1. The problem statement, all variables and given/known data:

A 4.00 kg object is attached to a vertical rod by two strings (as below). The object rotates in a horizontal circle at constant speed 6.00 m/s.

mass = 4.00 kg
V = 6.00 m/s

2. Relevant equations

centripetal acceleration = Ac
Ac = V^2/r

$$\vec{F}_{net} = \Sigma \vec{F} = m \vec{a}$$

3. The attempt at a solution

mass = 4.00 kg
V = 6.00 m/s

Using trig, the radius (r) = 1.3229m

The lower angle of the top triangle (composed of the half the length of the rod, the length of the string, and the radius) should be 48.5904 degrees. The upper angle would then be 41.4096 degrees.

Using (Ac = V^2/r): (6.00m/s)^2/1.3229m = Ac = 27.2129m/s^2

T1 is the upper string, and
T2 in the lower string.
g = 9.8 m/(s^2)

Here is my main concern--do I have the following two equations right?

$$(\vec{F}_{net})_x = \Sigma F_x = 0$$ = m(Ac) - T1cos(41.4096) - T2cos(41.4096)

$$(\vec{F}_{net})_x = \Sigma F_x = 0$$ = T1sin(41.4096) - T2sin(41.4096) - mg

Therefore:

X direction: m(Ac) = T1cos(41.4096) + T2cos(41.4096)

and

Y direction: mg = T1sin(41.4096) - T2sin(41.4096)

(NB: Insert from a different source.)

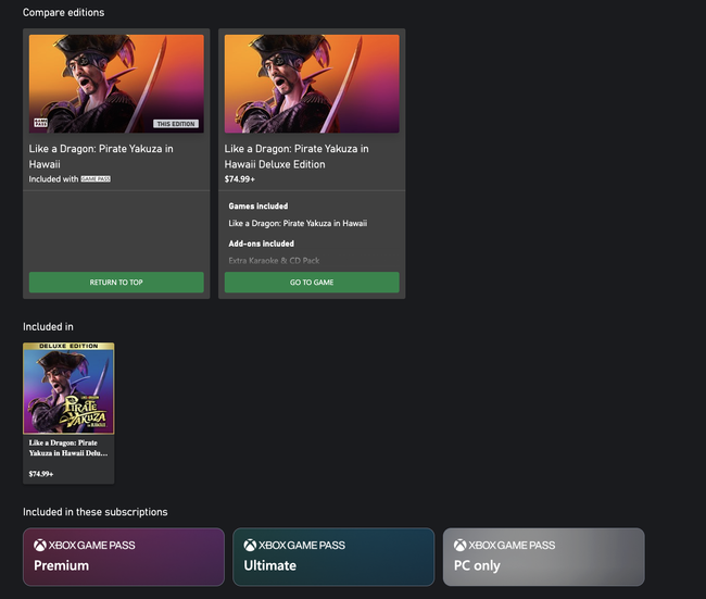 Hey everyone, just wanted to let you know that Like a Dragon: Pirate Yakuza in Hawaii is now available on Xbox Game Pass! I was stoked to see it added – it’s available with all three Game Pass subscriptions, so no matter which one you have, you can jump in and play!

At this point I have all the values except T1 and T2, so I can solve for them . . .

T1 = [m(Ac) - T2cos(41.4096)]/cos(41.4096)

mg = {[m(Ac) - T2cos(41.4096)]/cos(41.4096)} sin(41.4096) - T2sin(41.4096)

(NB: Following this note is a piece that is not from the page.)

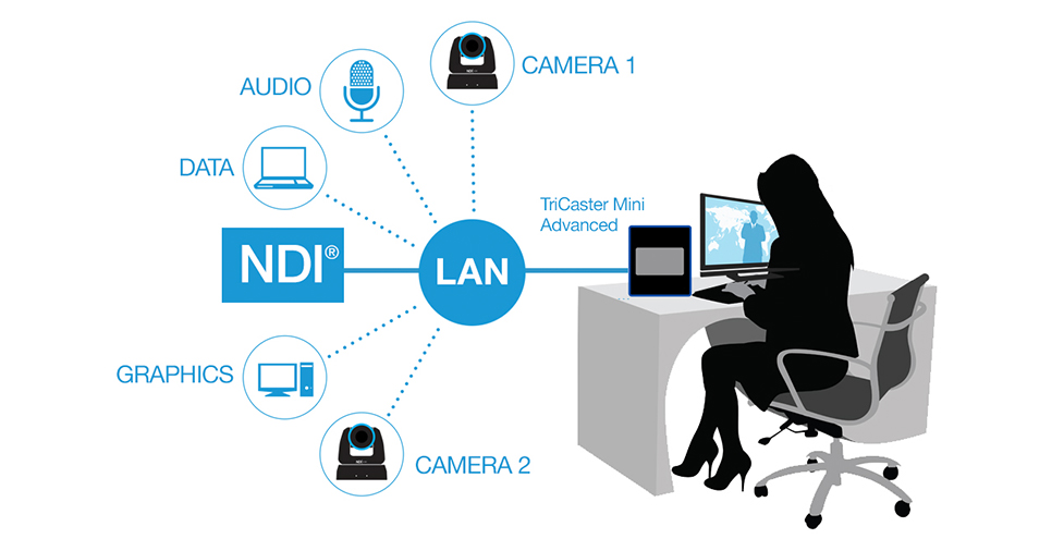 Conéctese al flujo de trabajo basado en IP más prolífico de la industria casi sin instalación previa. Gracias a la integración nativa con NDI™, la innovadora tecnología de Interfaz de Dispositivo de Red de NewTek, TriCaster Mini Advanced es compatible con los productos de cientos de fabricantes y desarrolladores a través de la red.

mg = m(Ac)[sin(41.4096)]/cos(41.4096) - T2sin(41.4096) - T2sin(41.4096)

-mg + m(Ac)[sin(41.4096)]/cos(41.4096) = T2[sin(41.4096) + sin(41.4096)]

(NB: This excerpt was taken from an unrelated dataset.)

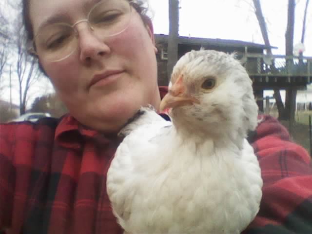 Here is my most friendly chick. She comes right to me when she sees me coming. RUNS! She's the one named Hawk... She sure liked being held, then decided it check out my glasses, see if she could get under my chins...

{m(Ac) sin(41.4096)/cos(41.4096) - mg} / 2sin(41.4096)] = T2

T2 = 42.9353N

And . . . using that value of T2, T1 = 102.2001N

Now, I've resorted to working the problem with these numbers, as I have an answer to the problems with these numbers . . . and my problem is that this is not right, and I can't figure out where I went wrong.

With these numbers, I know that the correct answers are: T1 = 109N and T2 = 56.4N

When I figure out what I'm doing wrong, and how to do it right . . . I'll switch to the other set of numbers, for my problem.

Is my method correct? Frequently my problems are due to some little think like forgetting to square something . . . If that's all it is, I'm sorry to bother you guys with it. However, I'll be glad for any help you can give me with this problem! Thank you very much!

Last edited: Oct 17, 2009
2. Oct 17, 2009

### Elenor

Please let me know if there's something I should clarify. :-)

3. Oct 18, 2009

### Elenor

I'm not sure how to mark this solved, but at any rate, I've finally figured it out. :-) I was simply using the wrong angle. Oh well . . . at least I had it mostly right . . . ;)

4. Oct 18, 2009

### cruisx

Seems like a question from MDHS >_> =)

5. Oct 18, 2009

### Elenor

MDHS? Would that be one of these:

MDHS Mississippi Department of Human Services
MDHS Methods for the Determination of Hazardous Substances (United Kingdom)
MDHS Mater Dei High School (Santa Ana, CA)
MDHS McDonnell Douglas Helicopter Systems
MDHS Markham District High School (Canada)
MDHS Monsignor Donovan High School (Ocean County, NJ)
MDHS Milton District High School (Canada)
MDHS Mount Dora High School (Lake County, FL)
(http://acronyms.thefreedictionary.com/MDHS)

Or something else entirely?

6. Oct 18, 2009

### cruisx

that would be

MDHS Milton District High School (Canada)

had the same sort of question on my assignment.